ISAIAH: Sendo atleta, pratiquei muito, antes de entrarmos no time de basquete e nos passes. Consegui treinar com nosso treinador de basquete, e ele realmente me ajudou a encontrar esse estilo na quadra. Não sei. Isso veio naturalmente para mim, honestamente. Eu simplesmente amo basquete. Eu amo atuar também, mas eu amo basquete desde que eu tinha três anos. Isso sendo profundamente enraizado, sinto que a arrogância acabou de chegar. A atuação foi uma jornada, em encontrar a abordagem certa. Para mim, Quincy, estar confortável como ator e estar confortável comigo mesmo, e ser livre o suficiente para experimentar coisas em torno desses outros atores incríveis neste programa da HBO que Adam McKay dirigiu e foi produtor executivo, com todos sendo tão graciosos, Eu fui capaz de ficar confortável e realmente começar a descobrir quem era esse personagem. Eu realmente me apaixonei e comecei a levar isso para o meu dia a dia no set.

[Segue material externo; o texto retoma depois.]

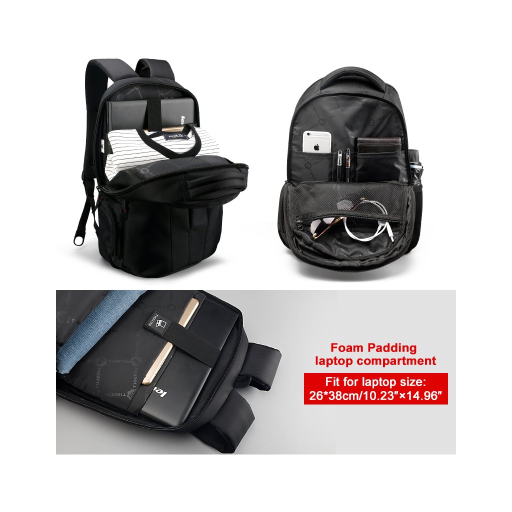 Batoh na notebook Tigernu nabízí dostatek prostoru na transport vašeho pracovního zařízení s potřebným příslušenstvím. Šikovně řešený prostor slouží k bezpečnému uložení počítače do zadní části, kde je uchycen ještě popruhem na suchý zip. K němu vměstnáte například i tablet, sešity a další příslušenství jako třeba powerbanky, nabíječky nebo kabely. Přední kapsa je určena pro malé předměty, které rychle z batohu vyndáte. Obsahuje i síťovanou přihrádku.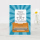 An orange vintage typewriter with a blue sunburst background. A piece of paper from the typewriter which has the words Happy Father's Day Ex-Husband in typewriter font and a silhouette glasses. A lovely father's day card for your {spec}tacular Ex-Husband! © Ness Nordberg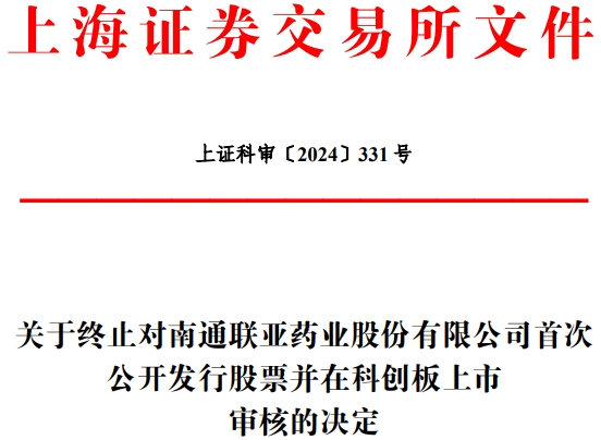 中国经济网北京9月29日讯 上交所网站近日发布关于终止对南通联亚药业股份有限公司(以下简称“联亚药业”)首次公开发行股票并在科创板上市审核的决定。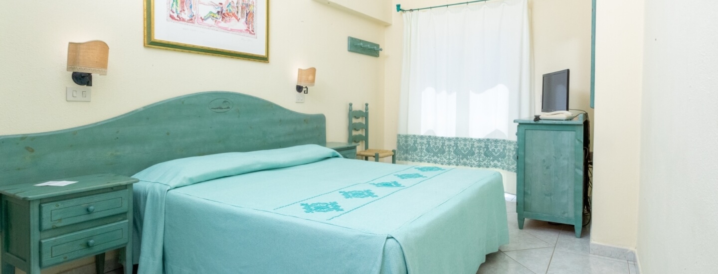 Ampia e luminosa, finemente arredata in tipico stile sardo, con splendida vista sul giardino.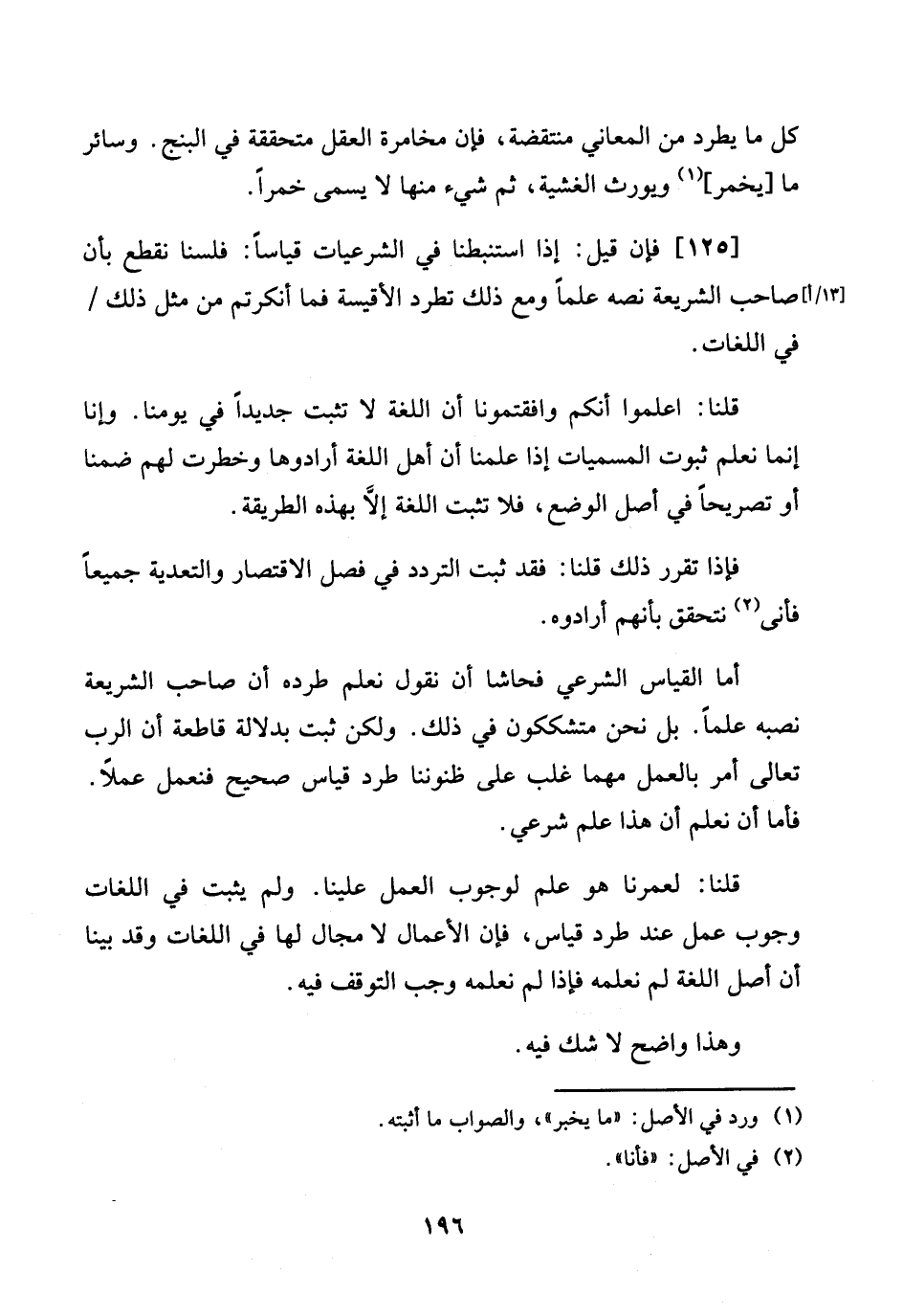 [125] فَإِن قيل: إِذا استنبطنا فِي الشرعيات قِيَاسا: فلسنا نقطع بِأَن [13 / أ] صَاحب الشَّرِيعَة نَصه علما وَمَعَ ذَلِك تطرد الأقيسة فَمَا أنكرتم من مثل ذَلِك / فِي اللُّغَات.
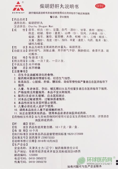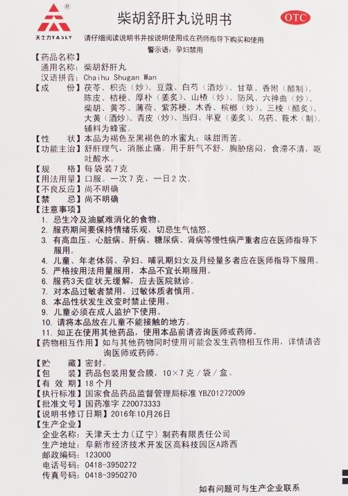- 天士力柴胡舒肝丸說明書
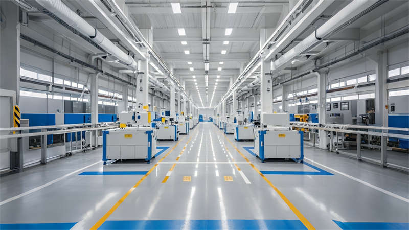 本6500㎡廠房設(shè)計采用現(xiàn)代工業(yè)風(fēng)為核心,融合功能性與科技美學(xué)。空間規(guī)劃嚴(yán)格遵循生產(chǎn)流程,劃分生產(chǎn)、倉儲、辦公、輔助四大模塊,通過鋼架玻璃隔斷實現(xiàn)通透性與分區(qū)管理。主色調(diào)選用深灰、淺灰、企業(yè)藍(lán)三色體系,地面采用耐磨環(huán)氧地坪漆,墻面運(yùn)用金屬波紋板與混凝土質(zhì)感涂料。智能化設(shè)計貫穿全廠,集成AGV物流系統(tǒng)、環(huán)境監(jiān)測屏及LED導(dǎo)向標(biāo)識。重點(diǎn)區(qū)域如入口LOGO墻、橙色休息區(qū)等植入色彩心理學(xué)應(yīng)用,既保持工業(yè)空間理性特質(zhì),又提升員工舒適度。照明系統(tǒng)采用分級控制,生產(chǎn)區(qū)6500K高顯指LED工礦燈保障作業(yè)精度,辦公區(qū)4000K暖光營造高效氛圍。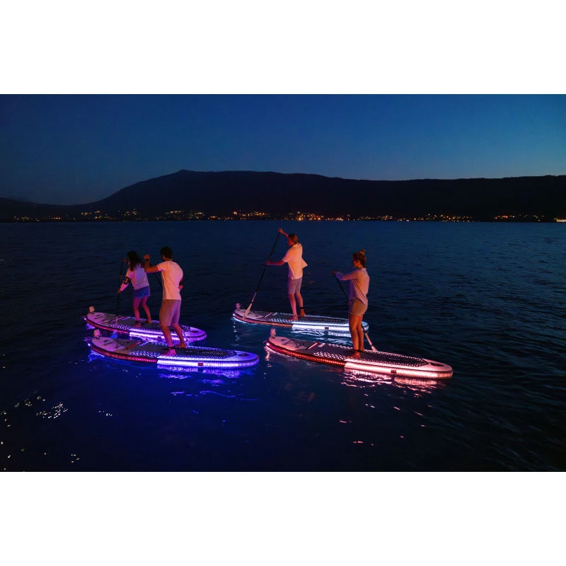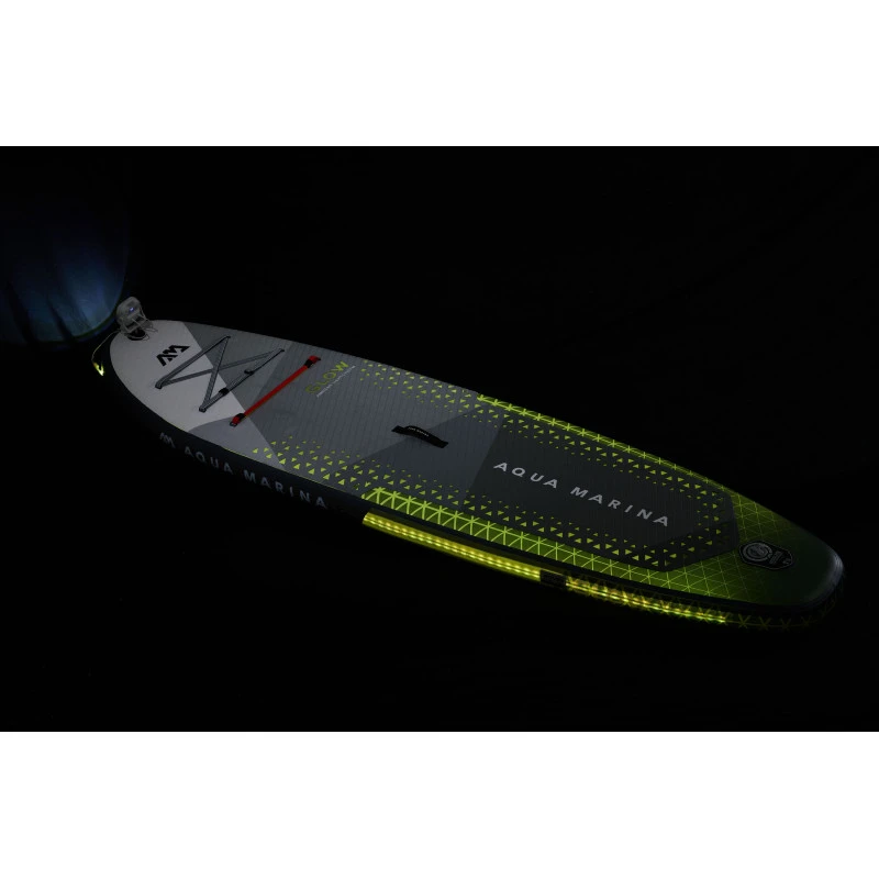 Découvrez le paddle Aqua Marina Glow, le premier SUP lumineux du monde ! Avec son design innovant, le Glow est bien plus qu’un simple paddle. Doté d’un éclairage LED intégré, il vous permet de pagayer de jour comme de nuit, ajoutant une touche de magie à chaque sortie sur l’eau.

John, você não estava jogando basquete nessas cenas, mas você estava lá em alguns desses momentos, e parece que eles foram filmados como nada que você provavelmente já experimentou antes. Como era estar naqueles momentos, mesmo que você não estivesse na quadra jogando?

REILLY: Eu entrei nisso dizendo: “A parte desafiadora disso será olhar para um pedaço de fita fora da câmera e fingir que alguém acabou de marcar a cesta da vitória”. Há uma certa quantidade de atuação na tela verde que é necessária quando você pratica esportes. A verdadeira curva de aprendizado foi aprender a ser o narrador da história diretamente para a câmera, diretamente para o público, e depois voltar à cena. Muitas vezes, eu tinha que ir e voltar, para a platéia, de volta para a cena, de volta para a platéia. Achei isso muito divertido. Essa era uma nova maneira de trabalhar. Realmente funciona bem no estilo de filmagem de Adam McKay.

Além disso, embora Jerry tenha todas essas inseguranças e esses grandes contratempos nos bastidores, ele está sempre projetando essa confiança. Foi isso que me fez passar por aqueles dias em que eu pensava: “Eu não sou um cara sexy com uma camisa aberta. Isso não é quem eu sou. Eu não sou um proprietário super rico de uma equipe.” Essa confiança me deu cobertura suficiente para passar por tudo isso. Isso era realmente o que era, todos os dias. Era sobre me animar colocando a corrente de ouro e aqueles óculos e arrumando meu cabelo. Era como vestir essa armadura chamada confiança.

Tempo de vitória vai ao ar nas noites de domingo na HBO e está disponível para transmissão na HBO Max.